[Collected data entries]
============================================================

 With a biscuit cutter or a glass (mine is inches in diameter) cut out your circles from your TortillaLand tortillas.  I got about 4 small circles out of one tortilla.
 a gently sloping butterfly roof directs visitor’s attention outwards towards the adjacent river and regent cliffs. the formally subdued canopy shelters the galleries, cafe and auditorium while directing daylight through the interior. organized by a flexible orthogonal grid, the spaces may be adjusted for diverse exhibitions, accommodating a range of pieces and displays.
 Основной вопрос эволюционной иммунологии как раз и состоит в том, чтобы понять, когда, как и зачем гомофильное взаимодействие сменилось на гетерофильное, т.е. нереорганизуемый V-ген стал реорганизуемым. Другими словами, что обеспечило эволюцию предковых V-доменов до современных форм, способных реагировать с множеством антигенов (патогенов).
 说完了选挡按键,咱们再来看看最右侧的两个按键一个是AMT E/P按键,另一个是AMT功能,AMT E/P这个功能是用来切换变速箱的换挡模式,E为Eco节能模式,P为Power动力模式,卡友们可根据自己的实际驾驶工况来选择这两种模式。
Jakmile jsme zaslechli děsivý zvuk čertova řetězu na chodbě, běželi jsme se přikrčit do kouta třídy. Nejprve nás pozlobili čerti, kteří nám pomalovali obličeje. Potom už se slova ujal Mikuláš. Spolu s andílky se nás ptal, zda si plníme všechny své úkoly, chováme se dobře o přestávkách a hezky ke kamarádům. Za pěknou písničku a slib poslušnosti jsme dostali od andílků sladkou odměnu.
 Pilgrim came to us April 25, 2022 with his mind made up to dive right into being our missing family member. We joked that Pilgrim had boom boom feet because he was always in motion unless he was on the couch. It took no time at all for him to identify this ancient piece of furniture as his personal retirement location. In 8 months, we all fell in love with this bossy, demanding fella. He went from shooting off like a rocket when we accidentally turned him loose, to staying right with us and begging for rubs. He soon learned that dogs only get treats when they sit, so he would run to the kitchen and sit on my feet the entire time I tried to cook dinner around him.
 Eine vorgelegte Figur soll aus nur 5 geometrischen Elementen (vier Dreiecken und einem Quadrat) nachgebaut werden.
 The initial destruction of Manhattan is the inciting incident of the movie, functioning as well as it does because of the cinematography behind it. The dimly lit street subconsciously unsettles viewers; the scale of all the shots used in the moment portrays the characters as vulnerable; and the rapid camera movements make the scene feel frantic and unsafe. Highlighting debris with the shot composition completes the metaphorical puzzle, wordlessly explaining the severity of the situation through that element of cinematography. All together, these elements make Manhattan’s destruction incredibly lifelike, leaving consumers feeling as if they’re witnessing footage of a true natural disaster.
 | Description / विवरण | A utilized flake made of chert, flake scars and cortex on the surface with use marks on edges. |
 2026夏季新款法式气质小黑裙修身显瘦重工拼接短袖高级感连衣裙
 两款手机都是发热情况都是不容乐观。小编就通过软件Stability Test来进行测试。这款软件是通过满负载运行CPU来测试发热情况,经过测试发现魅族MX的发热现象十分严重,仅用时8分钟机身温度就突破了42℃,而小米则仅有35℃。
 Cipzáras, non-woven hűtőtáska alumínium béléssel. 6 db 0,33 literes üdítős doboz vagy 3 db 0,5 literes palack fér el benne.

============================================================

(Task objective) Copy the lines from the start of the data verbatim, stopping after the line containing "Jakmile jsme zaslechli".

(Expected output)
 With a biscuit cutter or a glass (mine is inches in diameter) cut out your circles from your TortillaLand tortillas.  I got about 4 small circles out of one tortilla.
 a gently sloping butterfly roof directs visitor’s attention outwards towards the adjacent river and regent cliffs. the formally subdued canopy shelters the galleries, cafe and auditorium while directing daylight through the interior. organized by a flexible orthogonal grid, the spaces may be adjusted for diverse exhibitions, accommodating a range of pieces and displays.
 Основной вопрос эволюционной иммунологии как раз и состоит в том, чтобы понять, когда, как и зачем гомофильное взаимодействие сменилось на гетерофильное, т.е. нереорганизуемый V-ген стал реорганизуемым. Другими словами, что обеспечило эволюцию предковых V-доменов до современных форм, способных реагировать с множеством антигенов (патогенов).
 说完了选挡按键,咱们再来看看最右侧的两个按键一个是AMT E/P按键,另一个是AMT功能,AMT E/P这个功能是用来切换变速箱的换挡模式,E为Eco节能模式,P为Power动力模式,卡友们可根据自己的实际驾驶工况来选择这两种模式。
Jakmile jsme zaslechli děsivý zvuk čertova řetězu na chodbě, běželi jsme se přikrčit do kouta třídy. Nejprve nás pozlobili čerti, kteří nám pomalovali obličeje. Potom už se slova ujal Mikuláš. Spolu s andílky se nás ptal, zda si plníme všechny své úkoly, chováme se dobře o přestávkách a hezky ke kamarádům. Za pěknou písničku a slib poslušnosti jsme dostali od andílků sladkou odměnu.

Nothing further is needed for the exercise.